Amy is such good company, and you’re breathless to know what happens next, whether she will get away with it. So much of her thinking about relationships resonates – how guys always want Cool Girl, and you can pretend to be Cool Girl for a while but really, Cool Girl doesn’t exist. How she and Nick start off laughing at other people’s relationships, casting the men as ‘dancing monkeys’, while slowly but surely their own relationship slides into bitter despair and cliche.

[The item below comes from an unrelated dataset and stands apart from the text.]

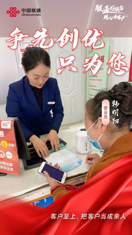 韩明阳是河南南阳联通的一名营业员,她把"客户至上"视为现实行动,将 "把客户当成亲人" 的贴心服务融入日常工作中。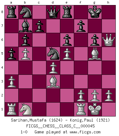 Last move : 1-0 2007 July 10 1:28:45 [Event "FICGS__CHESS__CLASS_C__000045"] [Site "FICGS"] [Date "2007.06.03"] [Round "1"] [White "Sarihan,Mustafa"] [Black "Konig,Paul"] [Result "1-0"] [WhiteElo "1624"] [BlackElo "1921"] 1.d4 d5 2.c4 dxc4 3.e3 Nf6 4.Bxc4 e6 5.Nf3 Be7 6.O-O O-O 7.Qc2 Nc6 8.a3 Na5 9.Bd3 b6 10.e4 Bb7 11.b4 Nc6 12.e5 Nd5 13.Bxh7+ Kh8 14.Bd3 a5 15.b5 Nb8 16.Qe2 g6 17.Qd2 Kg8 18.Qh6 Re8 19.Ng5 Bxg5 20.Bxg5 1-0 Queen's gambit accepted Kingside Castling by player White (move 6) Kingside Castling by player Black (move 6) Player White won this chess game. Follow this game move after move (download)You know you're going to lose. Even when I was ahead I knew I was going to lose. - On playing against Fischer. (Andrew Soltis) Ich moechte nie einem Club beitreten, der Leute wie mich als Mitglieder aufnimmt. (Woody Allen) El Ajedrez es 99 por ciento táctica. (Teichmann) Vous savez, camarade Pachman, je n'éprouve pas de plaisir à être ministre, je jouerais plutôt aux échecs comme vous, ou alors ferais une révolution au Venezuela. (Che Guevara à Ludek Pachman, 'Checkmate in Prague', 1975) I take risks, sometimes patients die, but not taking risks causes more patients to die. So I guess my biggest problem is I've been cursed with the ability to do the math. (Gregory House, House M.D.)

And the hapless husband Nick. Somehow it’s impossible to think of him without adding the word ‘hapless’ before ‘husband’. He’s a shambolic, porn-and-sports loving dude who gets by on his charm and is well aware he’s not half as smart as Amy. At first, she brings out the best in him but later he reverts to form and they disappoint one another incessantly. I love that the narration begins with his voice: we assume he’s a decent guy in a difficult relationship. When he reveals his affair with a young, clingy student there’s a palpable sense of our disappointment in him. Still, we’re like his awesome sister, Go – on his side as he is relentlessly battered by dire revelation after revelation, orchestrated by the Amazing Amy. We know he didn’t do it, but geez, it looks bad for him. And the ending – how I love the ending. No need to spoil it for you but, as the hapless husband Nick’s lawyer says- “You two are the most fucked-up people I have ever met, and I specialise in fucked-up people.”

So far, Gone Girl has no equal, despite a whole raft of pretenders marketed as the next Gone Girl. Pah! This one is the only perfect, infallible thriller.